Diagnostic Criteria and Differential Diagnosis
Recently, the ICDC  for AIP were developed to diagnose AIP safely, avoid misdiagnosing pancreatic cancer as AIP, and diagnose AIP when it presents acutely. The criteria for type 1 and type 2 AIP were developed independently, and the diagnosis of AIP is made based on one or more of the following cardinal features: imaging characteristics of the pancreatic parenchyma and pancreatic duct, serology, other organ involvement, pancreatic histology, and the optional criterion of response to steroid therapy. Each feature has been categorized as either level 1 or 2 depending on its diagnostic reliability.
The most important disease to rule out when considering a diagnosis of AIP is pancreatic cancer. CT findings (a capsule-like rim, delayed enhancement of the swollen pancreas, and presence of extrapancreatic lesions) and ERP findings (≥3-cm-long narrowed main pancreatic duct, maximal upstream main pancreatic duct <5 mm, side branch derivation from the narrowed portion, and skipped lesions) suggest AIP rather than pancreatic cancer [33, 35, 40]. However, especially in segmental-type AIP, a histological approach with endoscopic ultrasound-guided fine-needle aspiration (EUS-FNA) plays an important role in confirming the diagnosis and excluding malignancy . IgG4-immunostaining of biopsy specimens taken from the major duodenal papilla of AIP patients is useful to support the diagnosis of AIP [41–43].

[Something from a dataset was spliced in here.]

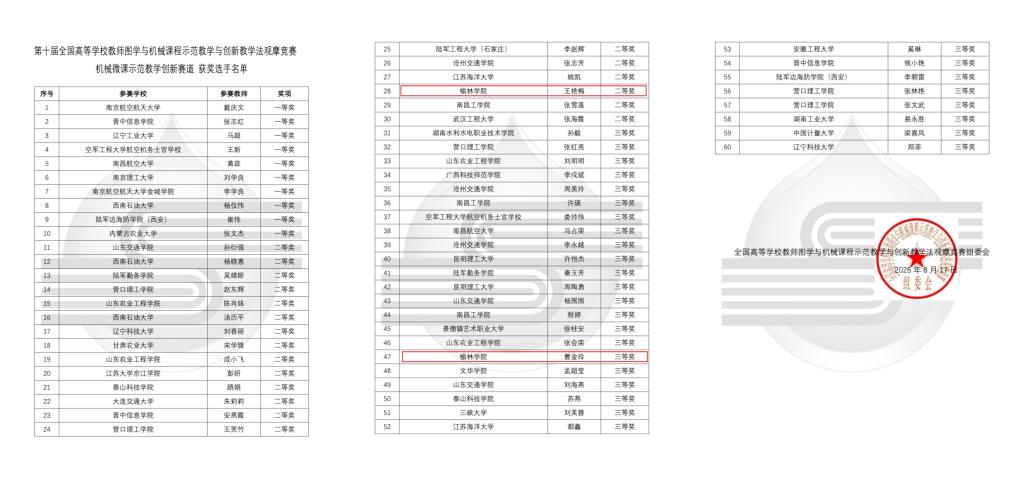 第十届“高教杯”全国高等学校教师图学与机械课程示范教学与创新教学法观摩竞赛于8月15日至18日在南京工业大学成功举办。经过激烈角逐,万象城能源工程学院曹金玲和王艳梅两位教师在激烈的竞争中表现卓越,斩获本次大赛二等奖、三等奖各1项。

Although spontaneous improvement of AIP is seen in some patients, the standard therapy for AIP is oral steroid [17, 44, 45]. It is vitally important to distinguish AIP from pancreatic cancer before steroid therapy is started. In the Japanese standard regimen [44, 45] of steroid therapy for AIP, the indications for steroid therapy are principally symptoms such as obstructive jaundice and hydronephrosis. Before steroid therapy, the blood glucose level should be controlled using insulin in patients with DM, and in patients with obstructive jaundice, the jaundice is usually managed by endoscopic or transhepatic biliary drainage. The recommended initial dose of oral prednisolone is 0.6 mg/kg/day. Morphological and serological evaluations of the effectiveness of steroid treatment are performed 2 weeks after its start. A poor response to steroid therapy should raise the possibility of pancreatic cancer and the need to reevaluate the diagnosis. When steroid therapy is effective, the steroid dose is tapered by 5 mg every 1–2 weeks to a maintenance dose over a period of 3–6 months, while the patient’s symptoms, as well as the biochemical, serological, and imaging findings, are carefully monitored. Relapses of AIP are frequent (around 30 %) [19, 20]. To prevent relapse, steroid maintenance therapy (5 mg/day) is recommended for at least about 6 months. Predictors of disease relapse include the presence of proximal bile duct involvement [20, 46] and persistent elevation of serum IgG4 levels . In relapsed cases, re-administration or dose-up of steroid [17, 44, 45] and administration of immunosuppressive drugs such as azathioprine [47, 48] or rituximab [48, 49] are effective.